Diplomacy: Syria - Russia, China and fear of war have led to West’s inaction
Syria has slipped down the agenda of Western leaders
For all its intensive diplomatic activity, the international community has been powerless to prevent the escalating horrors of the Syrian civil war.
It has not been for want of trying, with numerous attempts to negotiate ceasefires, open dialogue and impose sanctions on President Bashar al-Assad having little impact on the bloody impasse.
For the moment Syria has slipped down the agenda of Western leaders whose efforts are focused on defusing the crisis provoked by the deployment of Russian troops onto Ukrainian soil.
As the initial protests in the southern city of Deraa in 2011 spiralled into civil war, and evidence of human-rights atrocities mounted, Britain, the European Union and the US called for Assad to step down and imposed sanctions on the nation’s ruling elite.
A six-point peace plan for Syria, drawn up by the former UN Secretary-General Kofi Annan and backed by the Arab League, was launched a year after the war began, but foundered within two months as the violence intensified. A similar initiative by the UN envoy Lakhdar Brahimi also failed.
The biggest stumbling block to concerted international pressure on Damascus has always been Russia, which has enjoyed a close relationship with the Assad regime, and refused (along with China) to join UN Security Council resolutions condemning Damascus.
The process of bringing all the participants around the negotiating table – based on setting up a transitional government in Syria – began last May with two rounds of talks taking place with little progress in Geneva this year.
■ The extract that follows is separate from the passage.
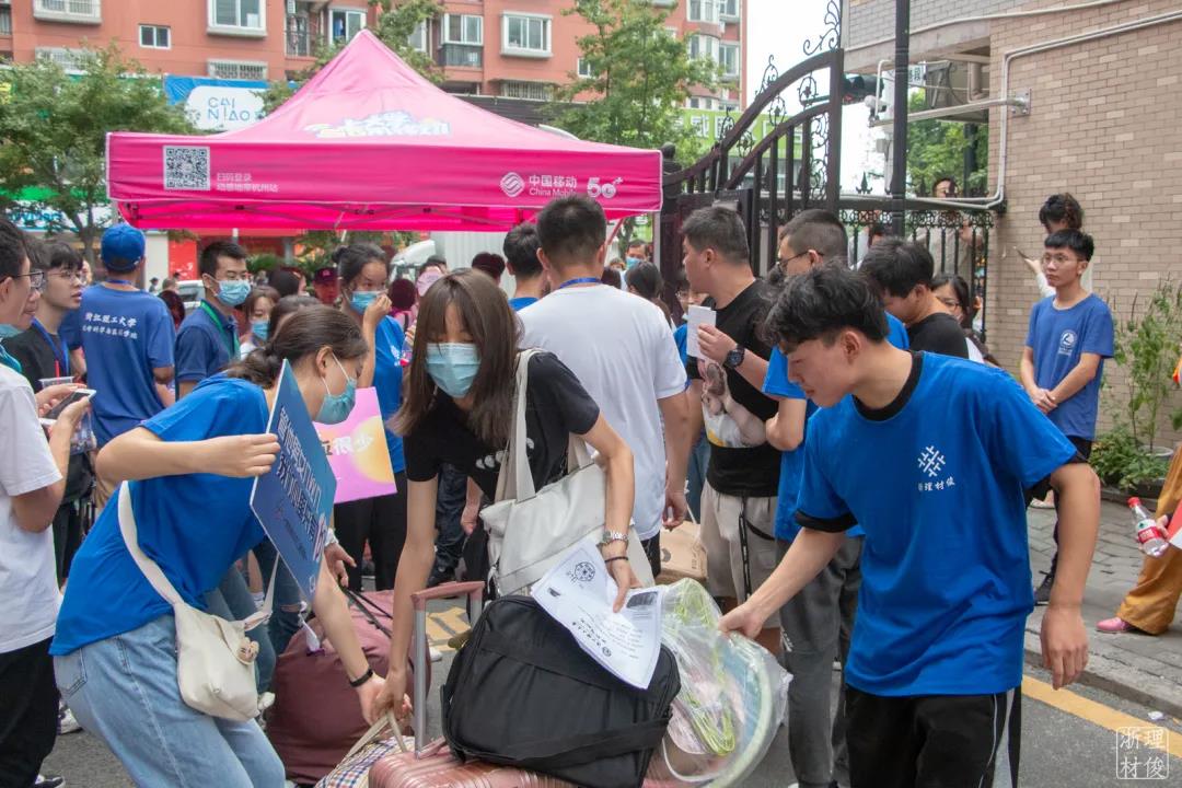 的”,几个蓝色的身影便立即奔向你满箱行李,满载着忧与爱一双双有力的手,暂时接过这份沉甸,只为让每一份爱与期待安心探索的眼神,满是好奇与期待学长与学姐们积极热情与新生们交谈,希望能减轻每一份陌生感、紧张感。再苦再累,心中仍然是喜悦的。轻声的交谈,爽朗的笑脸,将两个人的距离拉近。这是每个志愿者最好的礼物。报道之路,回家之路,浙理材俊志愿者一直都在。

The hunt for a lasting settlement – potentially using military firepower – was given new impetus by the release of footage of a chemical weapons attack on a Damascus suburb, with world leaders warning a “red line” had been crossed. By the end of August, it seemed that US-led strikes on Syria could happen within days.
By now David Cameron had taken from William Hague, the Foreign Secretary, responsibility for leading the British response to the Syrian crisis.
He struck a notably hawkish stance, calling MPs back from their summer break last year to vote on a Commons motion that left open the possibility of “military action that is legal, proportionate and focused on saving lives by preventing and deterring further use of Syria’s chemical weapons”.
Mr Cameron suffered the most humiliating moment of his premiership when the motion was defeated after Tory MPs queued up to condemn a rush for war and raise fears that intervention could inadvertently hand power to jihadists operating in Syria.
It was the first time a Prime Minister’s foreign policy had been defeated in a parliamentary vote since the 18th century.
It also marked a turning point in the world’s response to the tragedy in Syria as President Barack Obama backed off from intervention.